Introducing new faculty

The following are among the new faculty members at the University. Others will be introduced periodically in this space.

Peter S. Hovmand, Ph.D., joins the George Warren Brown School of Social Work as assistant professor. He earned a master’s degree in social work and an interdisciplinary doctorate in social science with concentrations in social work, psychology and cognate in feminist philosophy/women’s studies from Michigan State University. Before coming to Washington University, Hovmand was an instructor at Michigan State University and a male outreach coordinator for Michigan State University’s Safe Place. His teaching interests include system dynamics, research methods, human behavior in social environments and social work and oppression. Hovmand’s research focuses on domestic violence, system dynamics and “flight simulators” for social work.

Deborah M. Megivern, Ph.D., joins the George Warren Brown School of Social Work as assistant professor. She earned master’s degrees in social work and in personality psychology from the University of Michigan. Megivern earned her doctorate in social work and psychology from the University of Michigan in 2001. Prior to joining GWB, Megivern was a postdoctoral research fellow with the Center for Mental Health Services Research at GWB and a program evaluator for the Great Lakes Area Supported Education Replication. She was also a mental health policy instructor at GWB. Her research interests include economic and social disadvantage as factors for development of mental illness, access to social/economic capital for people with mental illness and early intervention and recovery from mental illness. Megivern’s teaching focuses on mental health; diversity, social justice and multiculturalism; social policy, research and evaluation methods; and poverty and economic justice.

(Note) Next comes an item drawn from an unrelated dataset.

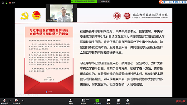 党支书、团学研骨干、第34期党性教育读书班成员、团支书培训“领雁”计划学员及“城帜”团校学员共161人参与活动。活动由王宇凡主持。 活动开始前,与会师生跟随2019级本科1班团支部制作的《同“心”战“疫”》视频一起为湖北和中国加油。刘耕年带来一堂别开生面的党课。他结合2月23日习近平总书记在统筹推进新冠肺炎疫情防控和经济社会发展工作部署会议上的讲话讲解了当前防疫形势和党的领导下统筹推进疫情防控和经济社会发展工作的重要举措,介绍了近期北大人在疫情防控中的工作情况和杏吧原创

Carolyn Kornfeld Lesorogol, Ph.D., joins the George Warren Brown School of Social Work as an assistant professor. She earned a master’s degree in African studies from the University of California, Los Angeles and a master’s degree in anthropology from Washington University. In 2002, Lesorogol earned a doctorate in anthropology from the University. Before joining the GWB faculty, Lesorogol was an instructor in the Washington University Department of Anthropology. Her research interests focus on the political and economic dynamics of social and cultural change. She has conducted fieldwork among semi-nomadic pastoralists in Kenya, where she has lived and worked for more than ten years. Seven of those years were spent doing applied work in the fields of community development, rural development and participatory development.